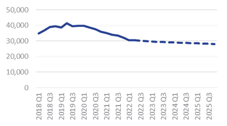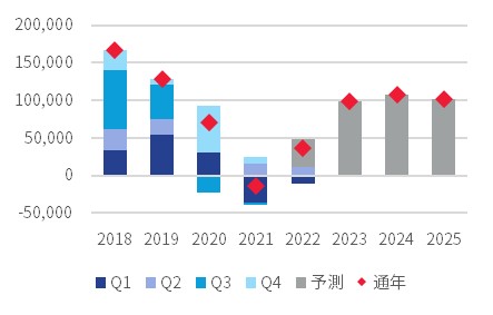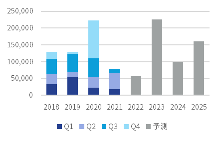 2022年のグレードAオフィスの新規供給は、概ね2022年後半以降に竣工が予定されています。また、2023年には大規模な再開発プロジェクトの竣工が複数予定され、過去5年で最も新規供給の多かった2020年に匹敵する新規供給量になることが予想されます。また、グレードAオフィスのネットアブソープション※2は長期的には回復を予想しますが、全体的なオフィス面積の縮小傾向から、2019年以前の水準よりは弱含む見込みです。
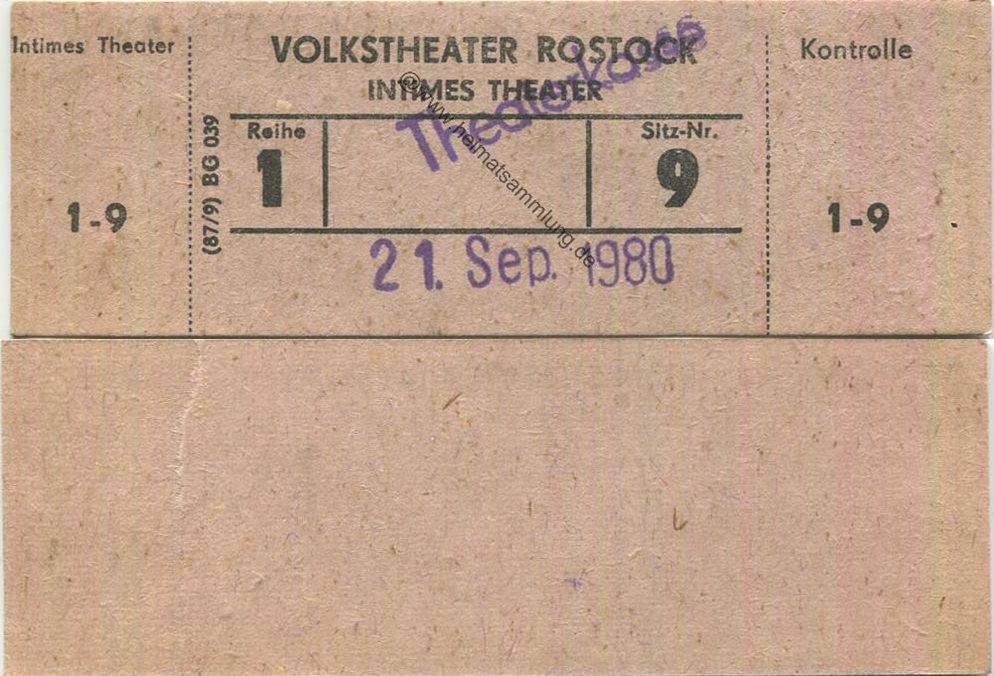 Volkstheater Rostock - Intimes Theater - Eintrittskarte 1980 (G62745y) |
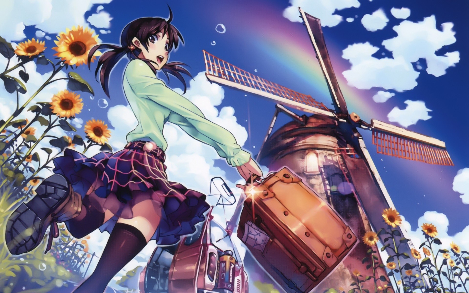 Zeichnung eines Anime-Mädchens auf gelbem Hintergrund für den Desktop
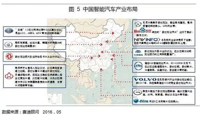 國內(nèi)智能汽車相關(guān)企業(yè)主要布局在東部沿海城市。國內(nèi)整車廠商也紛紛進(jìn)行自動駕駛技術(shù)的研發(fā)、測試及應(yīng)用,一汽、長安、北汽、長城等廠商研發(fā)的智能汽車均通過了試驗(yàn),部分整車廠已將部分輔助駕駛功能應(yīng)用到產(chǎn)品上;同時,四維圖新、百度等電子供應(yīng)商及IT企業(yè)加大投資及研發(fā)力度,加快智能汽車的產(chǎn)業(yè)化進(jìn)程。從產(chǎn)業(yè)分布情況來看,目前國內(nèi)智能汽車產(chǎn)業(yè)相關(guān)企業(yè),主要依托當(dāng)?shù)匾延衅嚠a(chǎn)業(yè)基礎(chǔ),集中分布在東北沿海城市。
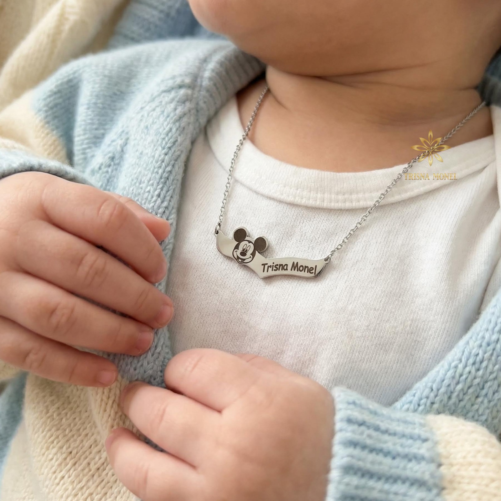GRATIS GELANG MONEL & GELANG SAWAN !!! Kalung custom nama gold dan silver motif Mickey mouse 02
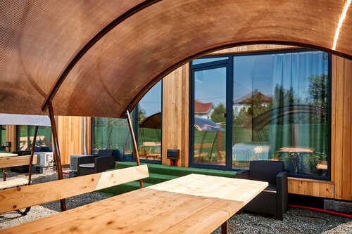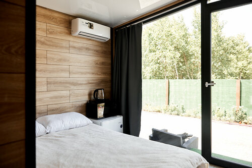Забронировали номер в Траве только потому, что уже приехали в город и поселиться было негде. Началось всё с того, Заплатили 9 тыс. руб. и плюс залог 5 тыс. за номер 9м2. Сразу предупреждают, что за пятнышко на постельном штраф 3 тыс руб. Приехали голодные,купили у них решётку и плиту, сделали шашлык с видом на зелёный забор. Номер из себя представляет коробку с ледяным полом, кушеткой в виде стула и кроватью под потолком. В коробке этой холодно и очень мокро, всё постельное бельё влажное, головой упираешься в потолок, когда сидишь, передвигаться надо ползком, окна нет, только прозрачная дверь. На так называемой уличной кухне старые вонючие тряпки для мытья посуды и протирки стола, жидкость для мытья посуды налита в одноразовый стаканчик, нож погнутый и сломанный кончик. Ладно, пошли на пляж, песок серый с мелкой галькой, в воде камни. Был шторм, заходить в воду побоялись. Бассейн на территории небольшой, оккупирован детьми. Мы поняли, что ночевать мы в этой коробке совершенно не желаем, мучиться там в духоте или холоде (если включить кондиционер) на мокрой кровати, не имея даже возможности нормально заняться плотскими удовольствиями. Пошли сказали на ресепшн, что мы уезжаем. Прибежала к нам администратор и набросилась, как шавка, с агрессивными выкриками, что нам высылали видео, как выглядит номер (нам действительно показали, как включается пальцем подсветка на зеркале, это же очень важно в коробке) и мы знали, куда мы едем, и что деньги нам не вернут. В итоге за два часа пребывания в этом колхозе мы заплатили 9 тысяч рублей. Почему администратор проявила такое крысятничество и не отдала 4500 ₽ по справедливости и по совести - остаётся вопросом. Они могли бы уже оставить себе половину денег, мы всё-таки сходили там в туалет и взяли одно полотенце для рук, но мы провели там 2 часа!!! Почему было не отдать нам вторую часть денег????
○ ○ ○
## Task
Repeat only the stretch of data above that runs from the line with "Zeichnung eines Anime-Mädchens" to the line with "GRATIS GELANG MONEL". Keep both end lines; exclude pictures.

## Solved exercise
 Zeichnung eines Anime-Mädchens auf gelbem Hintergrund für den Desktop
 國內(nèi)智能汽車相關(guān)企業(yè)主要布局在東部沿海城市。國內(nèi)整車廠商也紛紛進(jìn)行自動駕駛技術(shù)的研發(fā)、測試及應(yīng)用,一汽、長安、北汽、長城等廠商研發(fā)的智能汽車均通過了試驗(yàn),部分整車廠已將部分輔助駕駛功能應(yīng)用到產(chǎn)品上;同時,四維圖新、百度等電子供應(yīng)商及IT企業(yè)加大投資及研發(fā)力度,加快智能汽車的產(chǎn)業(yè)化進(jìn)程。從產(chǎn)業(yè)分布情況來看,目前國內(nèi)智能汽車產(chǎn)業(yè)相關(guān)企業(yè),主要依托當(dāng)?shù)匾延衅嚠a(chǎn)業(yè)基礎(chǔ),集中分布在東北沿海城市。
GRATIS GELANG MONEL & GELANG SAWAN !!! Kalung custom nama gold dan silver motif Mickey mouse 02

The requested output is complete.